Он закрывается в чужой ванной и смывает кровь с лица. Смотрит на свое отражение и думает, что ввязался в то, во что просто не мог не ввязаться.
Убирая со лба прилипшие волосы, Орихара чувствует, как натирает запястье мокрая серебряная цепь, к которой в ближайшее время придется привыкать.
Привыкать, как к новому шраму, происхождение которого – целая неприятная глава, вырванная из твоей биографии.

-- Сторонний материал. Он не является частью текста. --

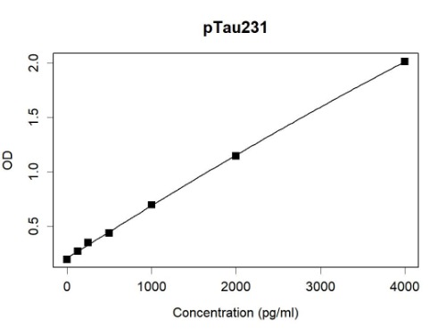 Sandwich ELISA Microtiter wells were coated with ARA6839 at µg/mL as the capture antibody. Recommbinant pTau231 protein (Cat #: PC-007) was used as the antigen. Biotin conjugated Tau Antibody ARA6837 was used as the detection antibody. Result: ARA6839 and ARA3837 can be used as a matched antibody pair to detect and quantify the concentration of Human pTau231 with high specificity.

Как к новому чувству, которое не в состоянии ни идентифицировать, ни обуздать, и которое становится неуправляемым, стоит только хорошенько напиться.
- Даже не вздумай там дрочить, - с той стороны в дверь ударяет сильный кулак, и она дребезжит.
Удаляющиеся шаги Шизуо слышны куда тише, когда в квартире есть кто-то еще, кроме него самого, но он слишком напряжен для того, чтобы это замечать.
- Ты всегда можешь ко мне присоединиться.
Присоединиться, чтобы посмотреть, какого прелестного аметистового оттенка стали пятна на его теле, и как нежно серебро предательства обвивает кисть его руки.
Смеясь, Изая закручивает кран, вытирая лицо и шею полотенцем.
Понимая, что он ужасно устал и хочет снова быть один.
Когда он заходит на кухню, то видит, как Хейваджима вытряхивает над столом кожаное портмоне, ему явно никогда не принадлежавшее. Оттуда сыпется мелочь, презервативы и целлофановая пленка, снятая с сигаретных пачек. На стуле рядом с ним стоит пустая неприметная сумка с черной молнией.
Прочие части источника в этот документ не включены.